I like to think that every successful person is acing in their own community or niche, along with acing in general. For example, Apple is unique and doing great in the technological industry, apart from being a big company in general. Their uniqueness reflects due to them being different, along with their impeccable efforts. But you cannot compare the uniqueness of Apple to that of, let's say, a big fast food chain.
Similarly, being fulfilled means striving to be the best with what your own positive and/or harmless traits as a person are, and continuing to add to it, while picking up new skills and talents. If you're trying to avoid being like 'other girls', you need to stop trying, because it's most likely getting you nowhere since not every girl is the same, and 'female' isn't a personality type, it's a gender. And if by 'other girls' you mean femininity (which is not the same as simply being a girl) and you have to try so hard to get away from it, you're most likely naturally feminine, so it's going to backfire at some point.

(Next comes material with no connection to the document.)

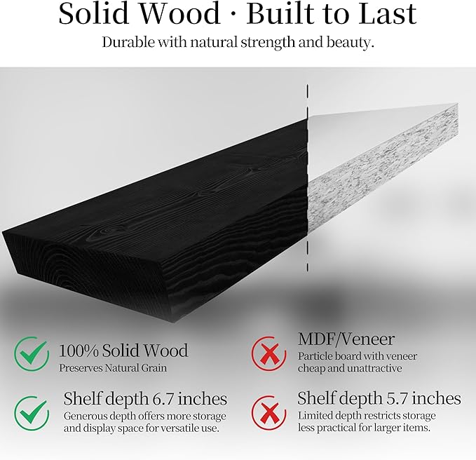 - ๐๐จ๐ฅ๐ข๐ ๐๐จ๐จ๐๐๐ง ๐ ๐ฅ๐จ๐๐ญ๐ข๐ง๐ ๐๐ก๐๐ฅ๐ฏ๐๐ฌ โ Crafted by hand from real pine, each floating shelf shows off unique wood knots and is stained to create a warm, rustic look that feels right at home

And I know, because I was that person at one point.
I absolutely celebrate any woman who isn't naturally feminine, or any man who isn't naturally masculine. I know a lot of women who are less feminine than others, but even though I have amazing relationships with all of them, I was never able to relate to them. Not to mention I'm not only feminine, but also traditional in a lot of ways and modern in others, which leaves an even smaller window for me. And that's okay, because that is what truly makes one unique, their entire composition, because you are most likely not exactly the same as someone you know. That is one of the most beautiful things about being you.
You may not be a bird who can fly but you're a fish who can swim, and birds can't do that.